There might be certain ways to make this part smarter, but in the meanwhile, if this is a possibility (that certainly should not be the case), to:

  • Configure topology.state.cluster.enabled=true, so the state is directly fetched from the cluster directly.

Let me know if this does not work for you.

-- Pere

@purbon, thank you so much for your reply.

By configuring topology.state.cluster.enabled=true I managed to redeploy a connector which was previously deleted by the REST API or the Control Center.

Deleting the file .cluster-state also worked.

However, the must important thing here was understanding how JulieOps works under the hood.

Thanks.

Hi @vascoferraz

By configuring topology.state.cluster.enabled=true I managed to redeploy a connector which was previously deleted by the REST API or the Control Center.

Happy this solved your situation for you, the main reason is that state was recovered directly from the target cluster.

Now looking at the future,
if you had a dream, how would you imagine JulieOps as best handling this internal situation?
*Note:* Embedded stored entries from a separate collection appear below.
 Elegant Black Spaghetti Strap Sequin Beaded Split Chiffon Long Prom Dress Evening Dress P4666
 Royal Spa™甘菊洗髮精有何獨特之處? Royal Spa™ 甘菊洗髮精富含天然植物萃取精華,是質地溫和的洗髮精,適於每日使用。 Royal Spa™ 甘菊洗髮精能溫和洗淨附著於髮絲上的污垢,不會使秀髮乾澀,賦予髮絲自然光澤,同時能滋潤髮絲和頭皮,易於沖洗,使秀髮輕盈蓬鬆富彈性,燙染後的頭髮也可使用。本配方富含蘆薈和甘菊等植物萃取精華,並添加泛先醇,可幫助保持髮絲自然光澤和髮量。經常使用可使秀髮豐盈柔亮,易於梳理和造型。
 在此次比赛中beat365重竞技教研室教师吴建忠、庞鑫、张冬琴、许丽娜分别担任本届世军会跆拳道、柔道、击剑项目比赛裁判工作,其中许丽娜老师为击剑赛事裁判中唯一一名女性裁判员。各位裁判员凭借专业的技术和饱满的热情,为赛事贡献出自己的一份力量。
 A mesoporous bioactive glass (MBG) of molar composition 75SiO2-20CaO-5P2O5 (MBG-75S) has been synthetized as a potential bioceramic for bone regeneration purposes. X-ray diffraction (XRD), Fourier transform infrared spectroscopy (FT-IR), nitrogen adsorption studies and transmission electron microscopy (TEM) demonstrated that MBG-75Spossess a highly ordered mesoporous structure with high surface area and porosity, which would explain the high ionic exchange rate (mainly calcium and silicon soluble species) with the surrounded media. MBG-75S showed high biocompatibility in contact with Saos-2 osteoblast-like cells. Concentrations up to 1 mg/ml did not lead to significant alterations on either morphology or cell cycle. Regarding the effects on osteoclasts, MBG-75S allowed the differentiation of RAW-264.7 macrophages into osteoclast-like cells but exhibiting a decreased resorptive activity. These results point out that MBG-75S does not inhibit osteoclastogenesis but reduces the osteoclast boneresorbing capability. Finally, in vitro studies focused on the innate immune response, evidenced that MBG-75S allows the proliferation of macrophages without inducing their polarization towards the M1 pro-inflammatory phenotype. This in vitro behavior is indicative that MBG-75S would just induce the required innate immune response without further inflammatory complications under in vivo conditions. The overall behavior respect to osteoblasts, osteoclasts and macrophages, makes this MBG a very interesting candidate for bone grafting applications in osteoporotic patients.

Would a WARN or Exception kind of error be good? then you fix it manually? or refresh the internal state?

What do you think?

@purbon , I would say that a at least warning would be great and referring the property topology.state.cluster.enabled and how it could help understand what is going on so it would be easier to fix it manually.
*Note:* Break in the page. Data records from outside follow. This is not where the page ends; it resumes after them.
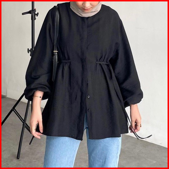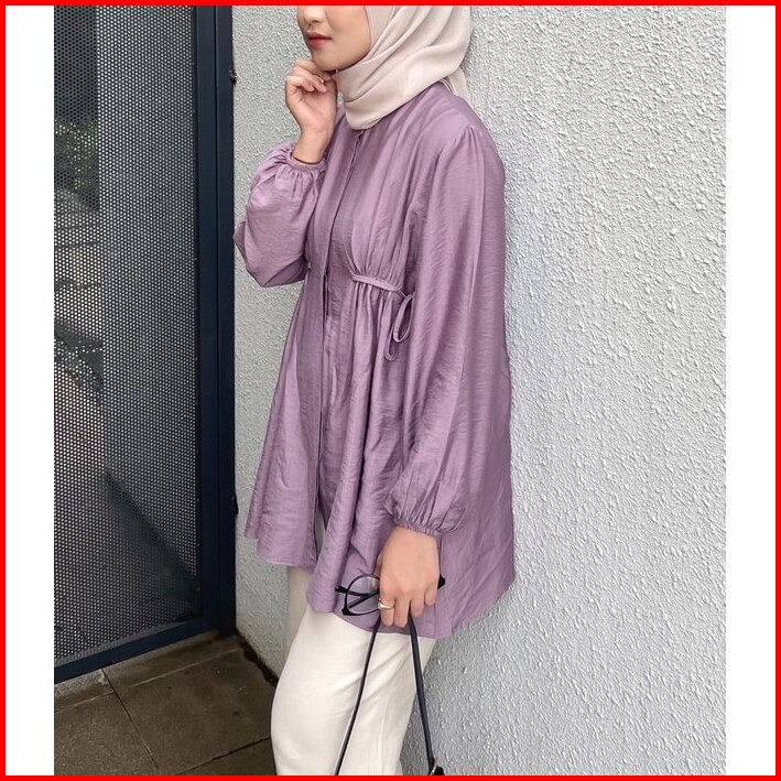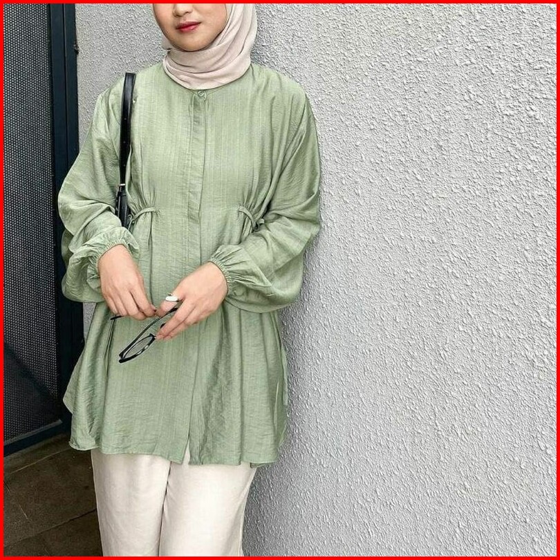 Alesa Blouse Kemeja Wanita Korean Style Semi Tunik Polo Linen
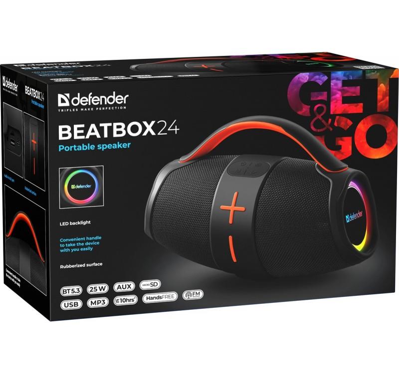 | Opis ogólny | Głośnik Defender BEATBOX 24 Bluetooth 25W MP3/AUX/SD/USB/TWS/LED czarny |
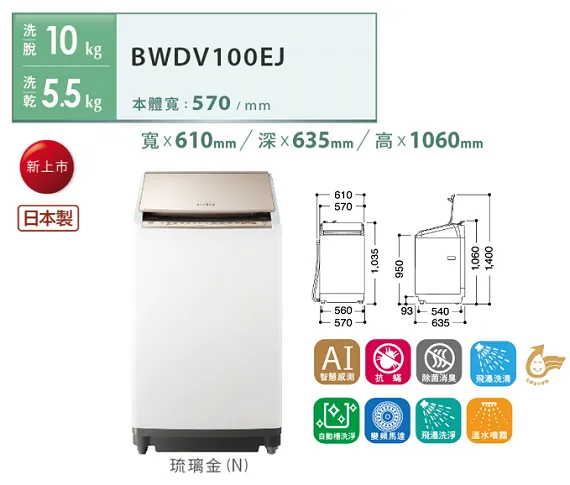 日立HITACHI日本製直立式洗脫烘洗衣機BWDV100EJ

Refreshing the internal state might be a "knife with two blades".

So, maybe a good approach is to inform the user: "The internal state of JulieOps does not match the current server settings" and then list those differences.
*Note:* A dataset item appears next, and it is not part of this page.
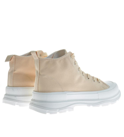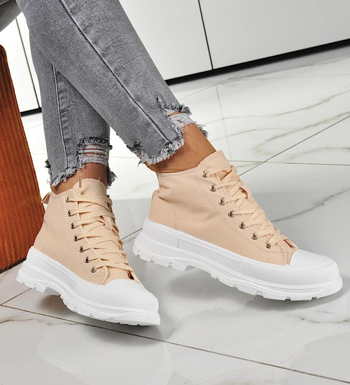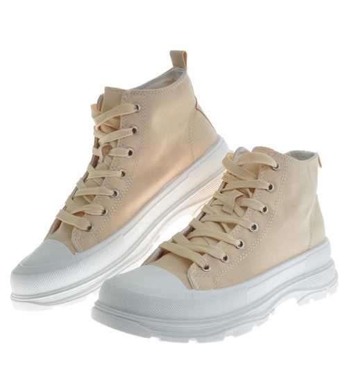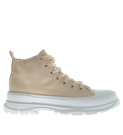 Damskie trampki sznurowane Beżowe /F5-3 10251 S314/
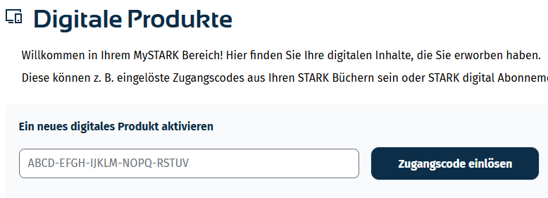 Hinweis: Wenn Sie die Ausgabe 2025 unserer roten Prüfungsbände besitzen und mit einem noch gültigen Code nicht auf Ihre Inhalte auf MySTARK zugreifen können, wenden Sie sich bitte an unseren technischen Support

I would probably start by questioning the local cluster state file. We should assume connectors can and will be removed by other tools, and connectors do keep state in kafka, so the default should be going to the cluster for the information. We should also assume we will often run julieops from a container, which means this local file will get deleted anyways.

I imagine keeping a local state speeds things up with julieops somehow? - I think we should offer the option to use a local state - with the warnings you should not manage connectors outside of julieops if you do so. Checking the cluster should be the default instead.

Alternatively (or in addition), maybe you could have a fallback mechanism - if the state doesn't match, then fetch from the cluster and update your local cache.

With the addition of #478 this issue would be somehow now under more control. I'm closing this issue for now, feel free to reopen if necessary.

Thanks a lot everyone for your comments and contributions here! This feature will be included in upcoming versions.